5. Discussion and Conclusions

In this paper, we propose a novel approach called Uncertainty-guided Asymmetric Consistency Domain Adaptation (UCDA) for medical image classification. The UCDA approach leverages the Uncertainty-guided Source-free Transfer Learning (USTL) and Asymmetric Consistency Learning (ACL) modules to enhance domain adaptation performance. The major issue this paper solved is to release the necessity of accessing source data in domain adaptation for medical image classification. The USTL module is introduced as an uncertainty-guided domain adaptation method, enabling effective alignment between the source and target domains. By quantifying the uncertainty of the source domain model, the UA module ensures secure knowledge transfer from the source to the target domain, preventing overconfidence in the network. Furthermore, the ACL module measures the discrepancy between the feature spaces of the source and target models. It incorporates inter-domain and intra-domain metric learning loss functions to improve the performance of the target domain model. Experimental results demonstrate the superiority of the proposed UCDA method compared to baseline methods, achieving better performance while reducing annotation workload. Across three datasets, UCDA consistently outperforms several baseline methods, revealing its potential for medical image classification tasks.
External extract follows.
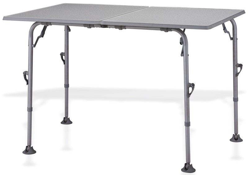 Aluminiumtisch Extender mit einer wetterfesten, hellen und großen Tischplatte. Die großen Tellerfüße verhindern ein Einsinken.

However, it is important to note that UCDA still requires a certain amount of labeled medical images. One limitation of UCDA is that its performance might deteriorate when facing new scenarios with significant distribution differences from previous domains. Therefore, future research will focus on exploring transfer learning and unsupervised learning techniques to further enhance medical image classification performance. By addressing the limitations and continuously advancing the proposed approach, we aim to contribute to the field of medical image analysis and provide valuable insights for real-world applications.